* _Material provided_
----
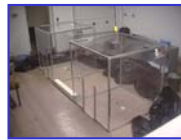
Figure 2. Plexiglas enclosures used for house cricket tests.
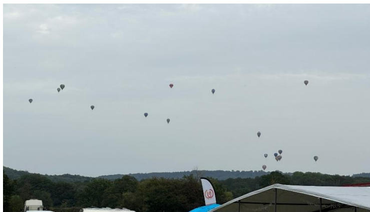
Balloon lift over Longleat

Sunday morning get together at the rally officers awning to enjoy doughnuts and a hot drink. There was a really good raffle and many of us won great prizes. Typically, it did splatter with a bit of rain at this point but didn't put us off, up went the brollies and we just continued on as true Brits do!
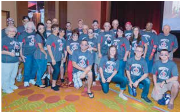
This year's theme, Uniting Airmen, inspired sports fans to don apparel in celebration of their hometown teams. Division 3 hit a home run with their custom shirts.
----
* _Work to complete_
Output the data above in full. Skip every picture.

* _Expected answer_
Figure 2. Plexiglas enclosures used for house cricket tests.
Balloon lift over Longleat

Sunday morning get together at the rally officers awning to enjoy doughnuts and a hot drink. There was a really good raffle and many of us won great prizes. Typically, it did splatter with a bit of rain at this point but didn't put us off, up went the brollies and we just continued on as true Brits do!
This year's theme, Uniting Airmen, inspired sports fans to don apparel in celebration of their hometown teams. Division 3 hit a home run with their custom shirts.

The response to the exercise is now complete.